> Description of the task
Reproduce only what runs from the line containing "Έρικα Ζενέλι, Αναστασία" to the line containing "Truck Rear Window" in the records below, inclusive. Keep it exact, and keep the pictures out.
** Opening Provided records block **
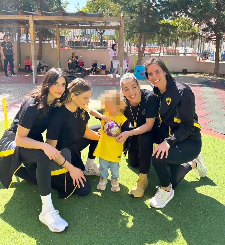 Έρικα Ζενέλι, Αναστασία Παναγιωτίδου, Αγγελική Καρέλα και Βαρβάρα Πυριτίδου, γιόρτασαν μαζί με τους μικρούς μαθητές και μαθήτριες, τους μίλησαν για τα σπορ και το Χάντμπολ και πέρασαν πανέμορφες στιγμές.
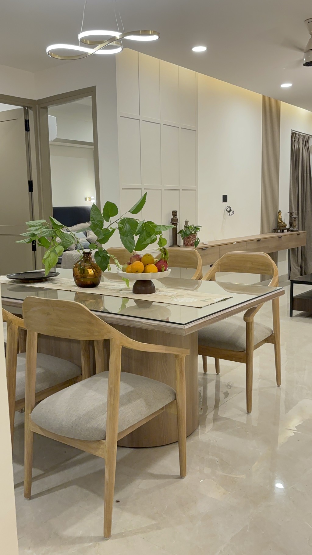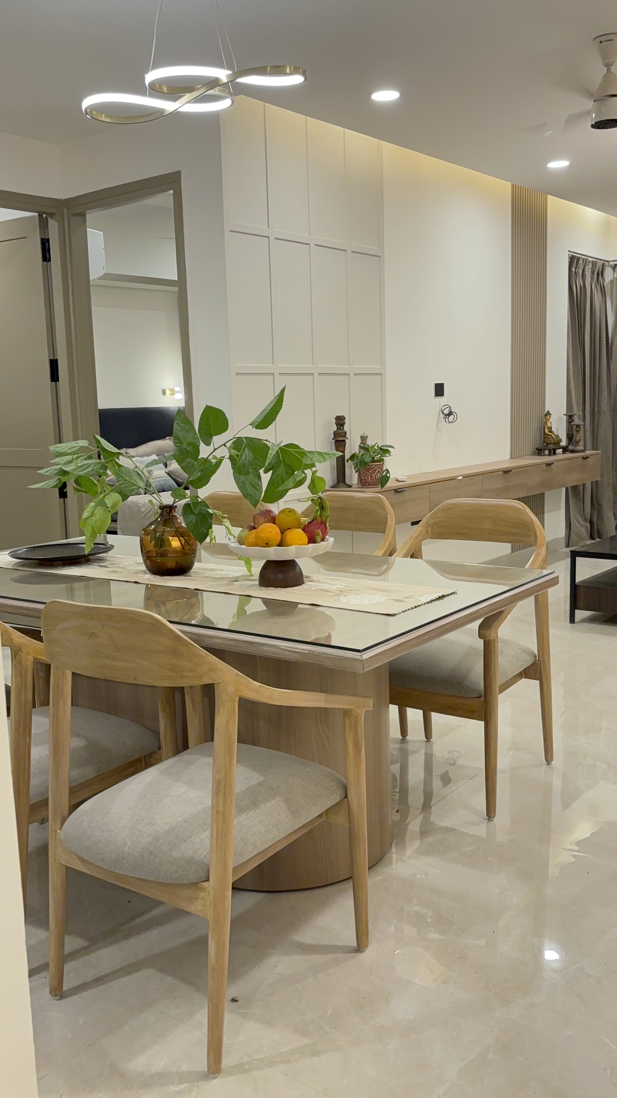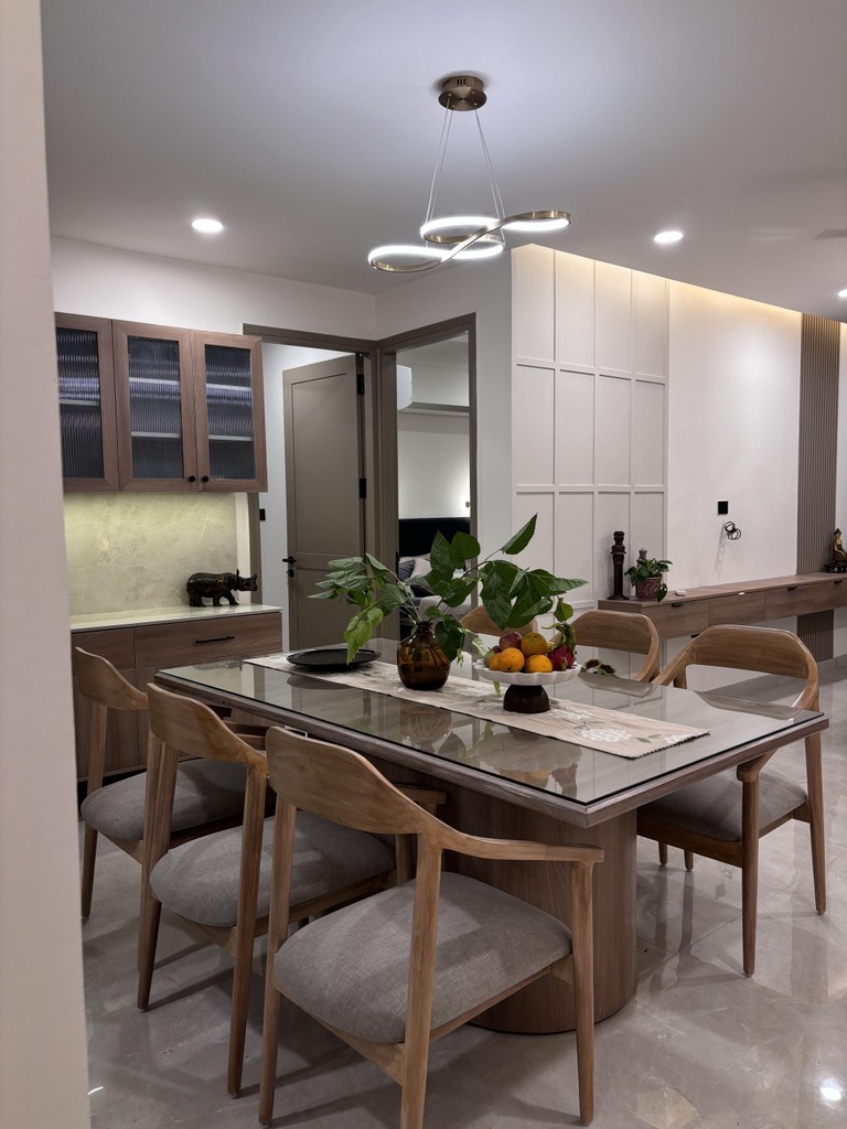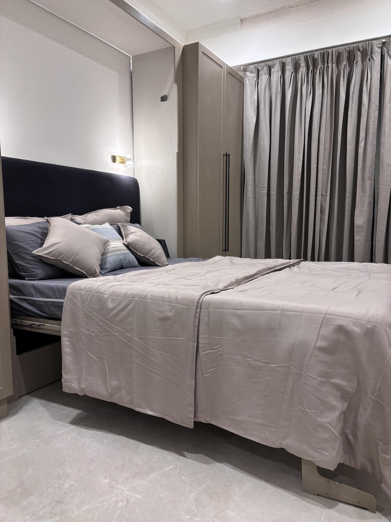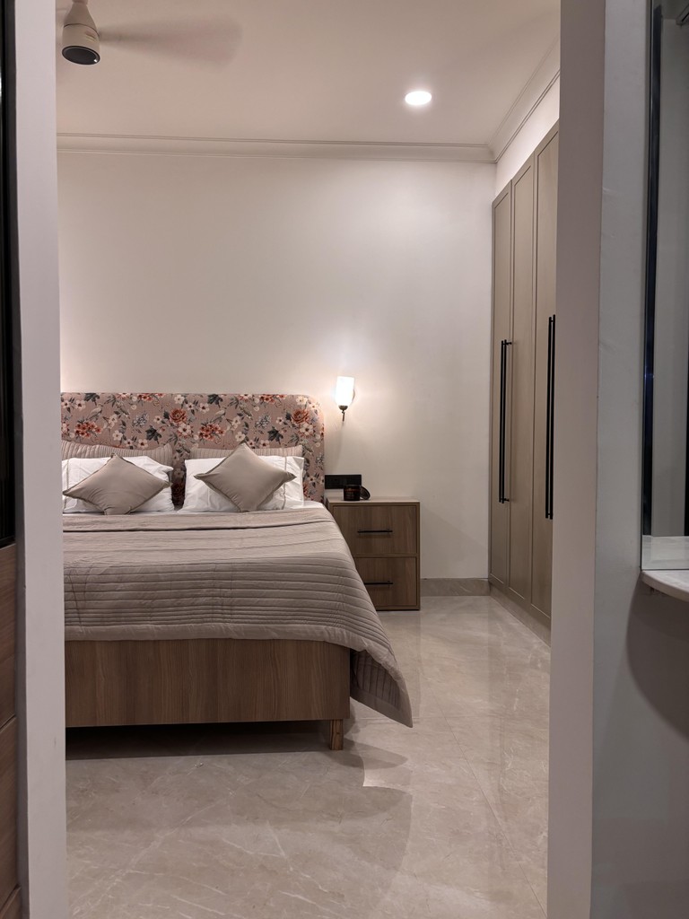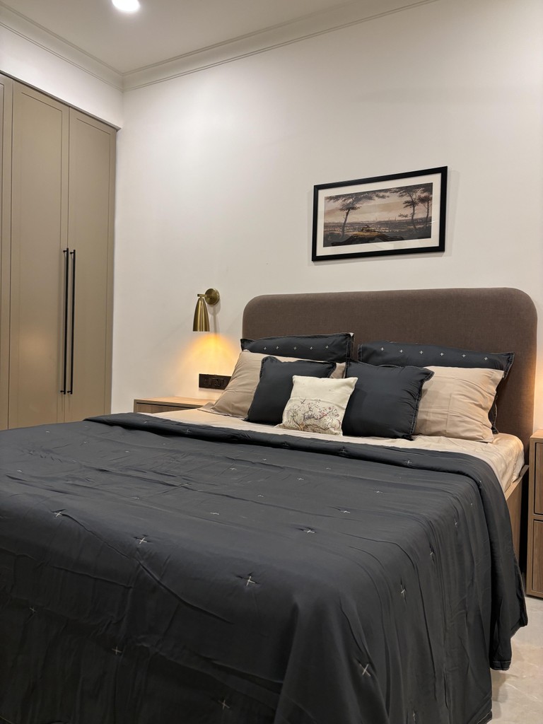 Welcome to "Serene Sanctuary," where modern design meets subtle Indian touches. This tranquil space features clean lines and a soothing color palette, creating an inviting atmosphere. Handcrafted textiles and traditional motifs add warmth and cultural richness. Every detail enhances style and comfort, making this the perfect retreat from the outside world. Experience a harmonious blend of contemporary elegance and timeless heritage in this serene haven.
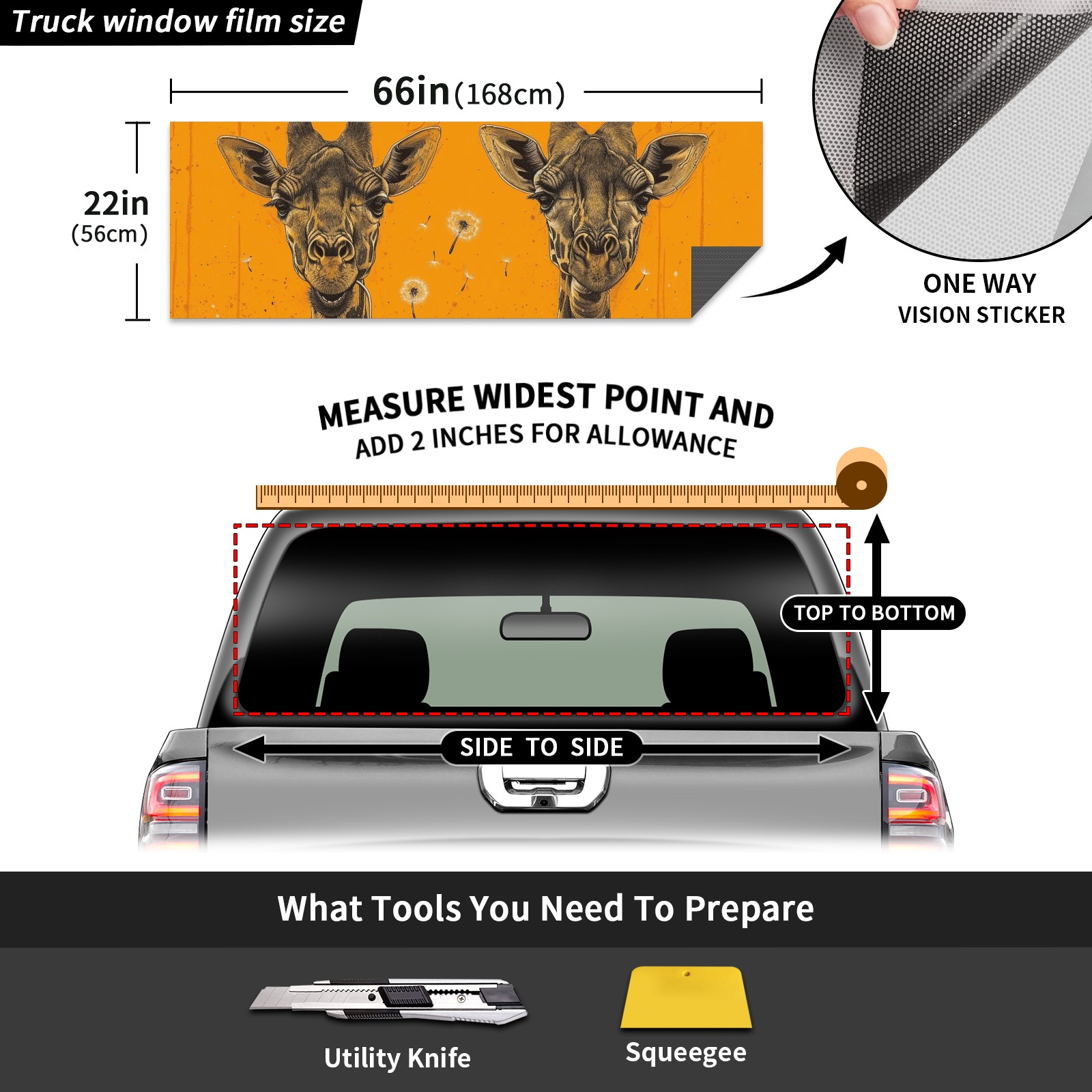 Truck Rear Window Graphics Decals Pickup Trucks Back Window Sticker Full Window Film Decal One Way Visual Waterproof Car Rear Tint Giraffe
** Closing Provided records block **
** Opening Provided records block **
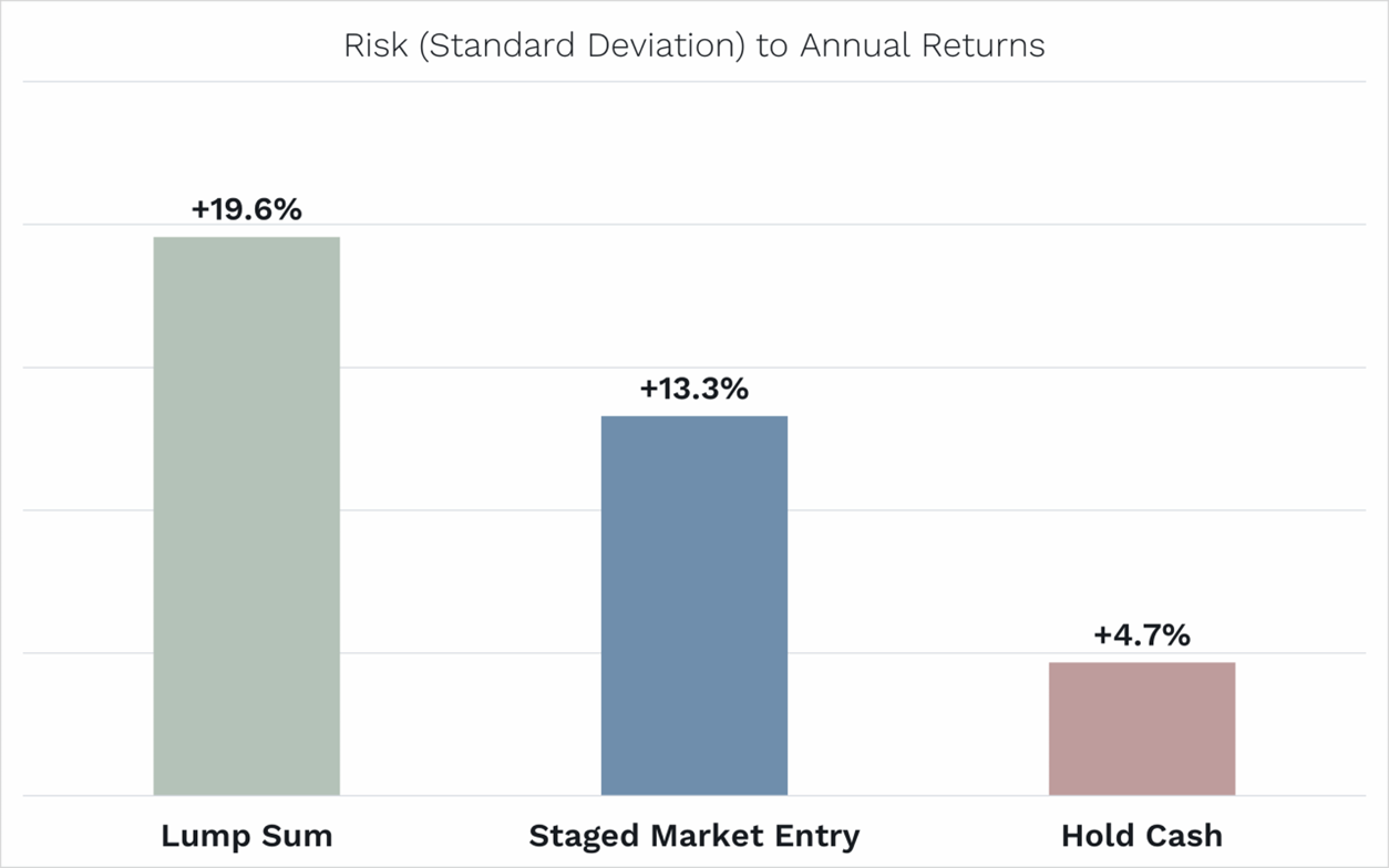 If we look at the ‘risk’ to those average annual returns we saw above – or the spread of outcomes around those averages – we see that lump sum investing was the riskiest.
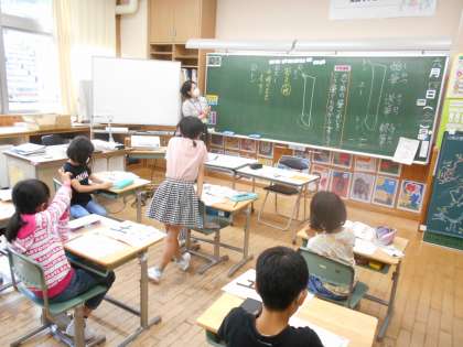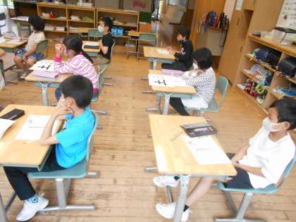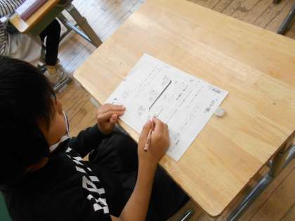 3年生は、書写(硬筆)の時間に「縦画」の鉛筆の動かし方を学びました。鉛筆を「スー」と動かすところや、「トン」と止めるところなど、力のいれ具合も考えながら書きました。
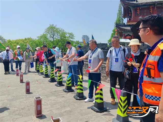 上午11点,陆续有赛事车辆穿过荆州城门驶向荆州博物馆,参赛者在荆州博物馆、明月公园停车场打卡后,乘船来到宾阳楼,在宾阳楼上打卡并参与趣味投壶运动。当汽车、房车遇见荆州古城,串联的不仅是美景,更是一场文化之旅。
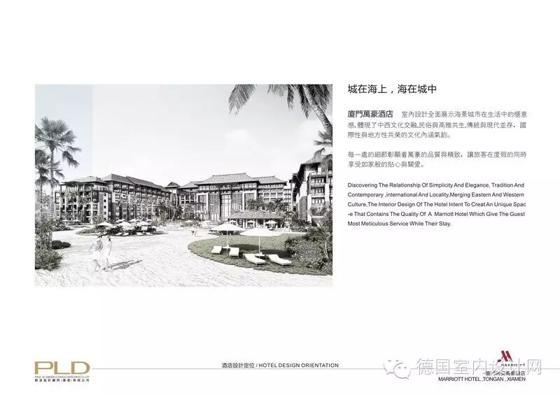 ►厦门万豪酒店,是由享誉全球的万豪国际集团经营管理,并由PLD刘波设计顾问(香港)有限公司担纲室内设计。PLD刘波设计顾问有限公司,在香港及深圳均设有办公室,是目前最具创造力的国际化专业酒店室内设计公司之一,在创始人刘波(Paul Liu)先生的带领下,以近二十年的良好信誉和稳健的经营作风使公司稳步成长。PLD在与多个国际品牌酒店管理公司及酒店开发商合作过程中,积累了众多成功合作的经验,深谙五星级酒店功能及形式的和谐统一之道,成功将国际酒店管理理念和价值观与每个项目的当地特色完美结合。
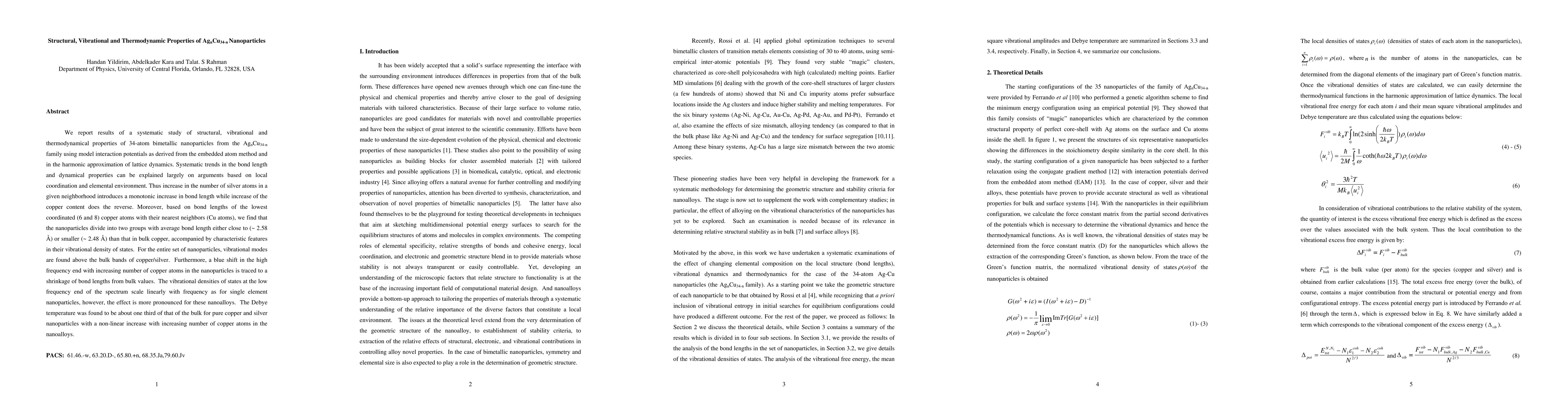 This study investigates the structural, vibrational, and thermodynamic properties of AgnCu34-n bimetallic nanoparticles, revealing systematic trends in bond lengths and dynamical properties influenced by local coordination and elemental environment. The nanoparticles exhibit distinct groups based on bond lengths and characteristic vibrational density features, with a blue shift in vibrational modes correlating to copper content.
** Closing Provided records block **
** Opening Provided records block **
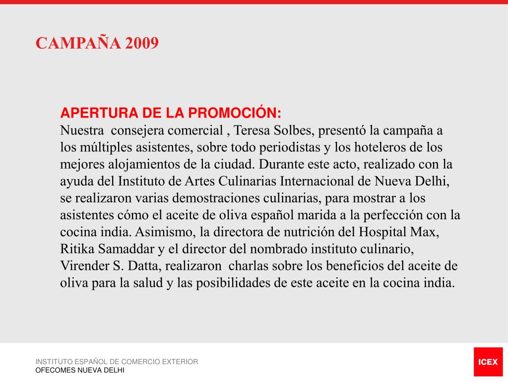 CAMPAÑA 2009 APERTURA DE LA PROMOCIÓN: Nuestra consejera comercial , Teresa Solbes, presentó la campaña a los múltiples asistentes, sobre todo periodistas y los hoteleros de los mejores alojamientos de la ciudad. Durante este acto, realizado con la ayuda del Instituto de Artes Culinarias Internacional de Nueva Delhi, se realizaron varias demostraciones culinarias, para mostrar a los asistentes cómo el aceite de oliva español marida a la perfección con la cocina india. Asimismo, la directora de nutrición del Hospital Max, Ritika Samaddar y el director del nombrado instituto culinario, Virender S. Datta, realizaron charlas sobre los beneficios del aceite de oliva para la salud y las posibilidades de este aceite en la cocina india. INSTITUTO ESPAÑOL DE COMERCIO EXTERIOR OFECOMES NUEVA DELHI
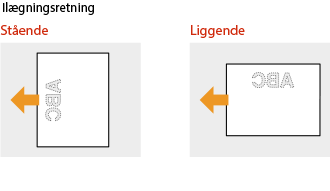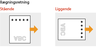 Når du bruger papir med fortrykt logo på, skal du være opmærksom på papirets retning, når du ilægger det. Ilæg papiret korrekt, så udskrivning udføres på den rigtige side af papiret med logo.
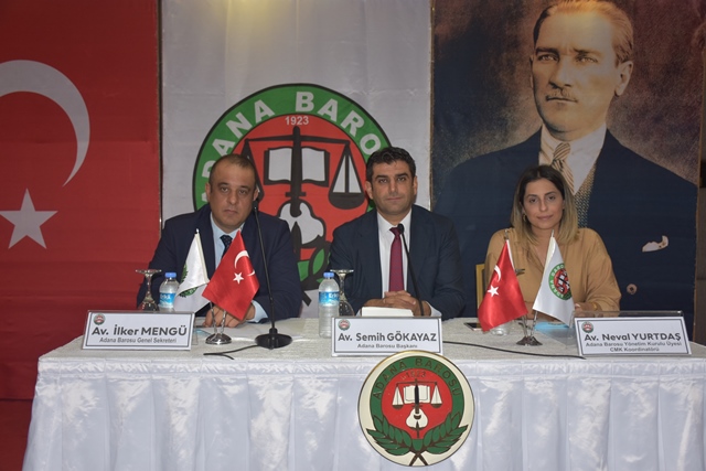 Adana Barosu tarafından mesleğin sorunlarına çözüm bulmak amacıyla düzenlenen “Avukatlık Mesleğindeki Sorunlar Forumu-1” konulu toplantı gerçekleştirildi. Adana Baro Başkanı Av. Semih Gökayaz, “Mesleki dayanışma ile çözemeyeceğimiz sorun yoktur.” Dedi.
** Closing Provided records block **
> Solved exercise
 Έρικα Ζενέλι, Αναστασία Παναγιωτίδου, Αγγελική Καρέλα και Βαρβάρα Πυριτίδου, γιόρτασαν μαζί με τους μικρούς μαθητές και μαθήτριες, τους μίλησαν για τα σπορ και το Χάντμπολ και πέρασαν πανέμορφες στιγμές.
 Welcome to "Serene Sanctuary," where modern design meets subtle Indian touches. This tranquil space features clean lines and a soothing color palette, creating an inviting atmosphere. Handcrafted textiles and traditional motifs add warmth and cultural richness. Every detail enhances style and comfort, making this the perfect retreat from the outside world. Experience a harmonious blend of contemporary elegance and timeless heritage in this serene haven.
 Truck Rear Window Graphics Decals Pickup Trucks Back Window Sticker Full Window Film Decal One Way Visual Waterproof Car Rear Tint Giraffe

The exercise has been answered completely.